La troponina ha sido la piedra angular de la definición de IM desde su introducción en la práctica clínica. La troponina de alta sensibilidad ha permitido a los clínicos detectar grados de daño miocárdico en órdenes de magnitud más pequeños que antes y está desafiando las definiciones de IM, con implicaciones para el manejo y el pronóstico de los pacientes. No cabe duda de que la detección y el diagnóstico han mejorado gracias a la mayor sensibilidad que ofrecen estos marcadores, pero quizá a costa de la especificidad y la claridad. Esta revisión se centra en las definiciones, la fisiopatología, el pronóstico, la prevención y el tratamiento del IM de tipo 2 y de la lesión miocárdica. Los cinco tipos de IM se definieron por primera vez en 2007 y se actualizaron recientemente en 2018 en la cuarta definición universal de IM. Los autores exploran cómo se utiliza esta clasificación fisiopatológica en la práctica clínica, y discuten algunas de las preguntas sin respuesta en esta era de disponibilidad de la troponina de alta sensibilidad.

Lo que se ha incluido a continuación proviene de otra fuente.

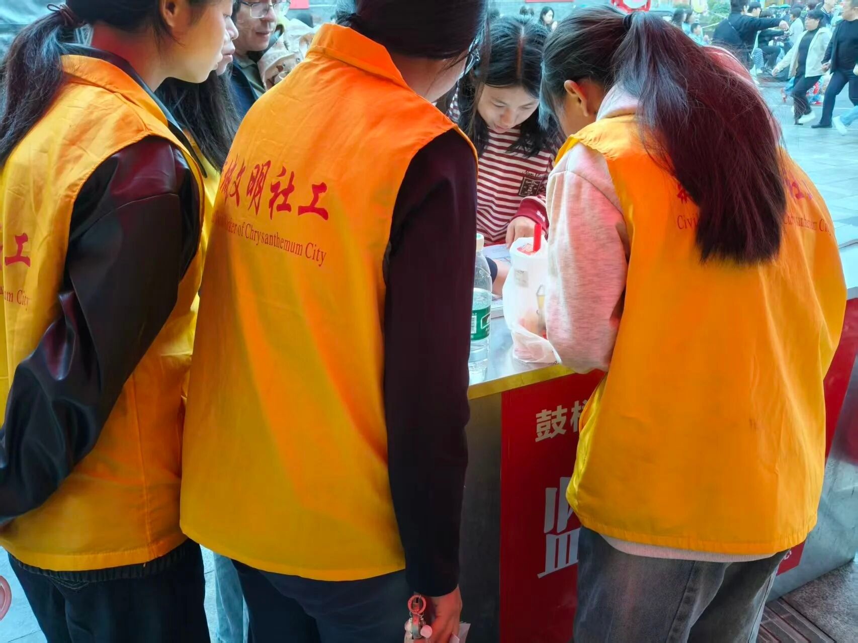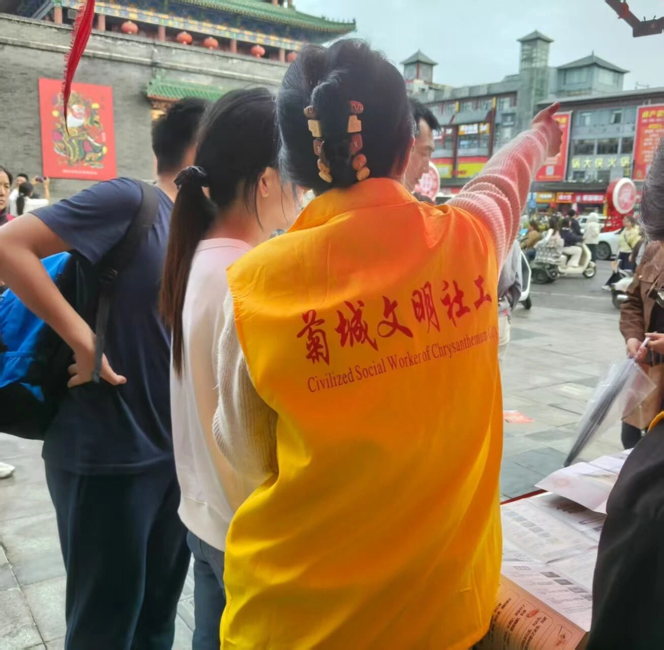 黄金周期间,八朝古都开封秋雨连绵,却挡不住m88在线网站入口大一学子的志愿服务热情。10月1日至10月8日,志愿者们以持续八天不间断的专业服务,坚守鼓楼广场与开封府两大核心区域,为八方游客撑起了一把暖心的“志愿伞”。
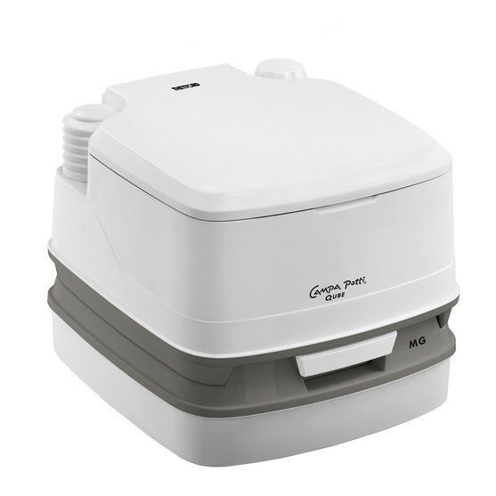 Jak Campa Potti Qube MG pracuje? Chemické WC se skládá ze dvou sekcí: horní díl obsahuje nádrž na vodu a mísu toalety s odnímatelným sedátkem. Spodní část je odpadní nádrž. Obě části toalety lze snadno spojit a rozpojit pomocí spony na zadní straně. Campa Potti Qube MG není vybavena indikátorem úrovně naplnění odpadní nádrže (indikátor obsahují pouze modely Excellence a XGL). Je vybavena unikátní rotační výpustí, díky které je vyprazdňování snadné. Není potřeba cokoliv rozebírat nebo čistit samostatné části. Tlačítko ventilačního otvoru na odpadní nádrži zabraňuje nepříjemnému rozstřikování během vyprazdňování.

En 1812, John Warren publicó una descripción de los síntomas torácicos que denominó angina de pecho, sin conocer la patogénesis subyacente, aunque, en aquella época, se observaban “osificaciones” coronarias durante las disecciones anatómicas.1 A finales del siglo XIX, los fisiólogos observaron que la oclusión de la arteria coronaria de un perro provocaba un “temblor” de los ventrículos y era rápidamente mortal.2,3 A principios del siglo XX, los ECG que mostraban cambios en el segmento ST se utilizaban para ayudar a diagnosticar el IM.1 A mediados del siglo XX, la introducción de la angiografía coronaria permitió observar la historia natural de la enfermedad arterial coronaria (EAC) y las oclusiones coronarias agudas.

Infarto de miocardio ncbi

El síndrome de lesión post-cardíaca (PCIS) representa una de las principales causas de pericarditis. Cualquier procedimiento cardíaco invasivo puede provocar un traumatismo miocárdico, epicárdico y pericárdico. El daño tisular provoca la acumulación de restos y sangre en el pericardio. Esto da lugar a respuestas inmunitarias, que mantienen la inflamación en individuos susceptibles. La presentación clínica es variable, y los episodios recurrentes aumentan la morbilidad después de la cirugía. La colchicina previene la PCIS a costa de efectos adversos. Los pilares del tratamiento son la aspirina y el ibuprofeno. Los esteroides se utilizan en los casos graves. La colchicina y la inmunoterapia son eficaces en la pericarditis idiopática, pero su beneficio en el tratamiento del SIPC es menos evidente.

El síndrome de lesión post-cardíaca (SIPC) se refiere a un grupo etiológico heterogéneo de condiciones autoinmunes de inflamación pericárdica, epicárdica y miocárdica. Es importante tener en cuenta que la inflamación no se limita al pericardio y al epicardio, sino que también afecta al miocardio en cierta medida. No obstante, los síntomas de la inflamación epicárdica y pericárdica, como el dolor, los derrames y la fiebre, dominan el cuadro clínico. Los signos de disfunción ventricular, como la insuficiencia cardíaca, las arritmias ventriculares o las anomalías graves de la conducción, son muy raros. Si están presentes, reflejan más bien un empeoramiento de la insuficiencia cardíaca preexistente por un segundo golpe inflamatorio sistémico. Por definición, los síndromes poslesión cardíaca incluyen: la pericarditis posinfarto de miocardio desencadenada por una necrosis miocárdica isquémica, el síndrome pospericardiotomía (SPP) tras un traumatismo quirúrgico y, por último, la pericarditis postraumática debida a una lesión iatrogénica o accidental [1] (Figura 1).